▶ **REQUIRED WORK**: Take the line containing "Korea ins two-piece" and all lines after it, through the end of the material, and repeat them exactly, pictures left out.

▶ **SUPPLIED INFORMATION**:
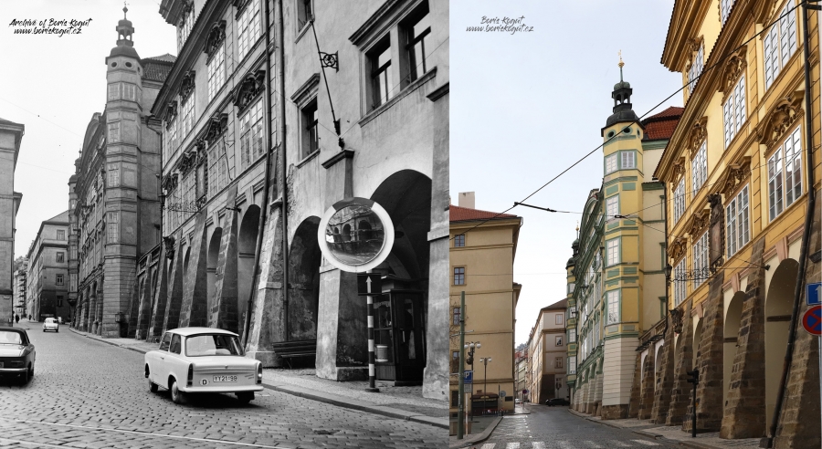Всё та же Малостранская площадь, нижняя её часть, северная сторона. На фотографиях 1965 и 2020 годов справа возвышаются дворцы Смиржицких и Штернбергов.
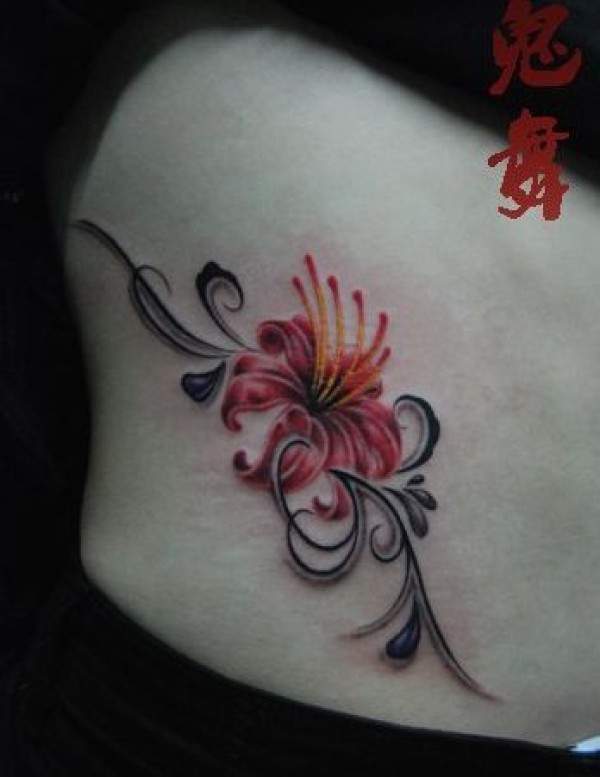 女孩子腰部一款彩色彼岸花纹身图案_腰部纹身图案大全_纹身图吧
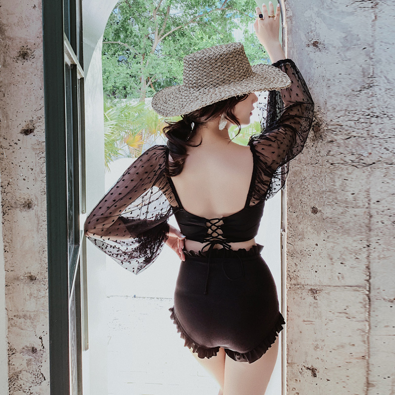Korea ins two-piece swimsuit female fairy fan sexy two-piece set high waist belly thin bubble sleeve hot spring swimsuit
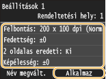 Beállítás szerkesztéséhez:Válassza ki a szerkeszteni kívánt beállítást  módosítsa a beállítást  érintse meg az <Alkalmaz>  <Igen> gombot.
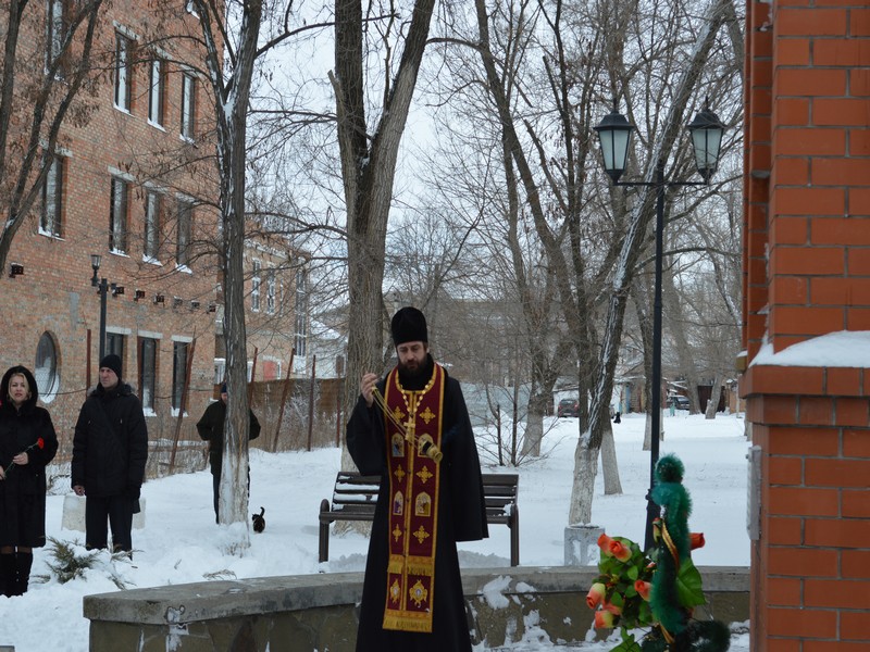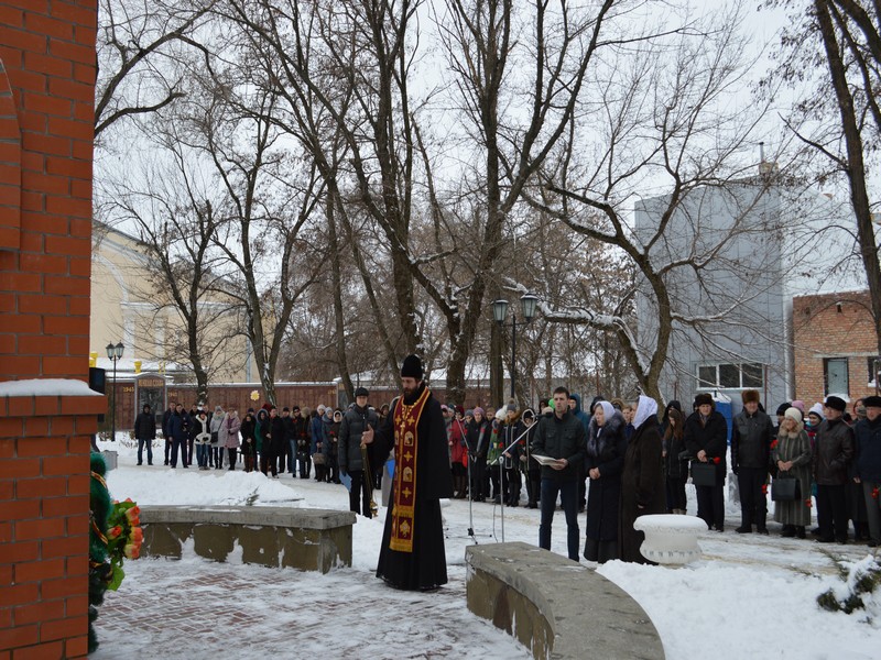 Перед началом мероприятия, благочинный приходов Нижнедонского округа протоиерей Сергий Яценко совершил панихиду по погибшим войнам и обратился к собравшимся со словами назидания.

▶ **RESULT OF THE TASK**:
Korea ins two-piece swimsuit female fairy fan sexy two-piece set high waist belly thin bubble sleeve hot spring swimsuit
 Beállítás szerkesztéséhez:Válassza ki a szerkeszteni kívánt beállítást  módosítsa a beállítást  érintse meg az <Alkalmaz>  <Igen> gombot.
 Перед началом мероприятия, благочинный приходов Нижнедонского округа протоиерей Сергий Яценко совершил панихиду по погибшим войнам и обратился к собравшимся со словами назидания.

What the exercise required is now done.